> WHAT YOU HAVE TO DO
Only the lines from the start of the data through the line with "لليوم الثاني علي" belong in the copy. Restate them word for word, minus the pictures.

> GIVEN DATA
BEGIN
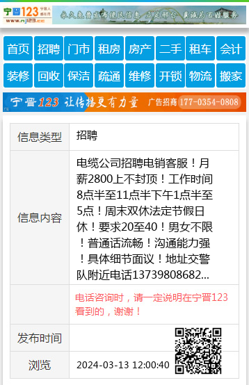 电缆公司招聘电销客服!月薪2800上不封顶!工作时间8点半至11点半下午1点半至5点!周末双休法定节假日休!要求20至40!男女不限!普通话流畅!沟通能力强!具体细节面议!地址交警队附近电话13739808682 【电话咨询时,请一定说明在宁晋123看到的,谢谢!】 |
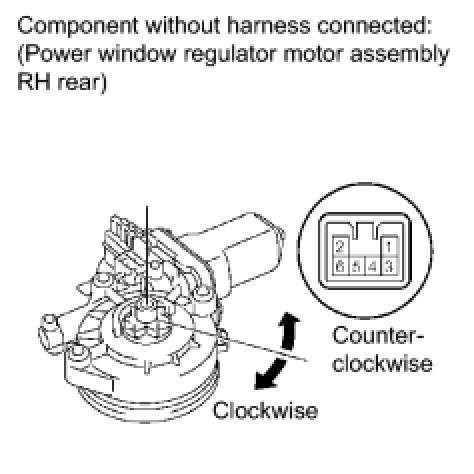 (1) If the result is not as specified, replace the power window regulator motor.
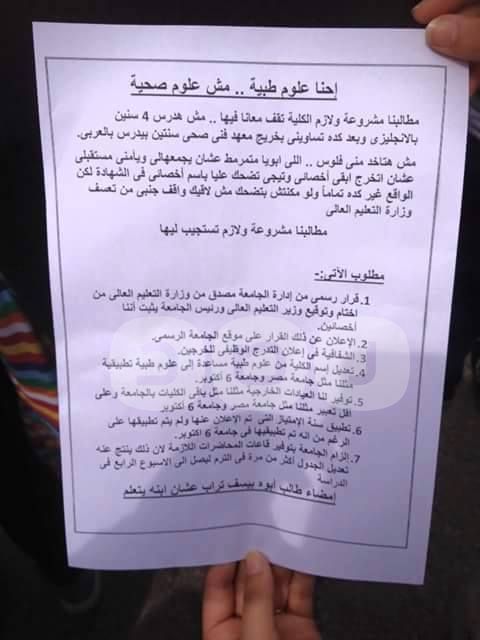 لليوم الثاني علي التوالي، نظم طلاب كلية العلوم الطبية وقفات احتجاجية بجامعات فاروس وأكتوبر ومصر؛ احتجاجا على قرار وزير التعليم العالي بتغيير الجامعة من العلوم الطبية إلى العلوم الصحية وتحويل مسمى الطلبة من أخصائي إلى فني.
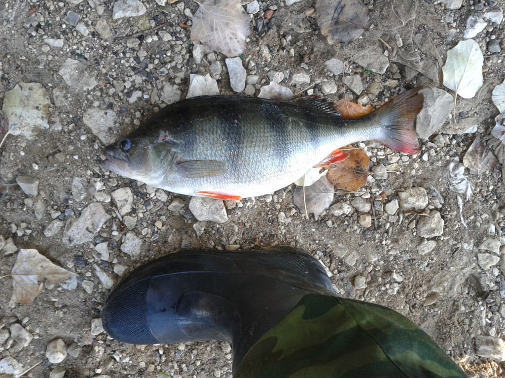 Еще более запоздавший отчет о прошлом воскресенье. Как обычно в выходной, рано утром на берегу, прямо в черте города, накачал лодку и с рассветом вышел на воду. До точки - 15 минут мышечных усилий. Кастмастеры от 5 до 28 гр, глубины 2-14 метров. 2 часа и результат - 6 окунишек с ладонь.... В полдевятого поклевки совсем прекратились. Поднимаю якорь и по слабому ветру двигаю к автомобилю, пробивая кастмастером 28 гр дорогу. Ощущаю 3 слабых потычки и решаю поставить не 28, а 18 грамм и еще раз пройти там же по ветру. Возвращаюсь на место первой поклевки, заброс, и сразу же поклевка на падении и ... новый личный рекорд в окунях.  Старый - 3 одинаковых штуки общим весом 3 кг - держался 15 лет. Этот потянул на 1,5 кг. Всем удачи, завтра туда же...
END
> RESULT OF THIS TASK
 电缆公司招聘电销客服!月薪2800上不封顶!工作时间8点半至11点半下午1点半至5点!周末双休法定节假日休!要求20至40!男女不限!普通话流畅!沟通能力强!具体细节面议!地址交警队附近电话13739808682 【电话咨询时,请一定说明在宁晋123看到的,谢谢!】 |
 (1) If the result is not as specified, replace the power window regulator motor.
 لليوم الثاني علي التوالي، نظم طلاب كلية العلوم الطبية وقفات احتجاجية بجامعات فاروس وأكتوبر ومصر؛ احتجاجا على قرار وزير التعليم العالي بتغيير الجامعة من العلوم الطبية إلى العلوم الصحية وتحويل مسمى الطلبة من أخصائي إلى فني.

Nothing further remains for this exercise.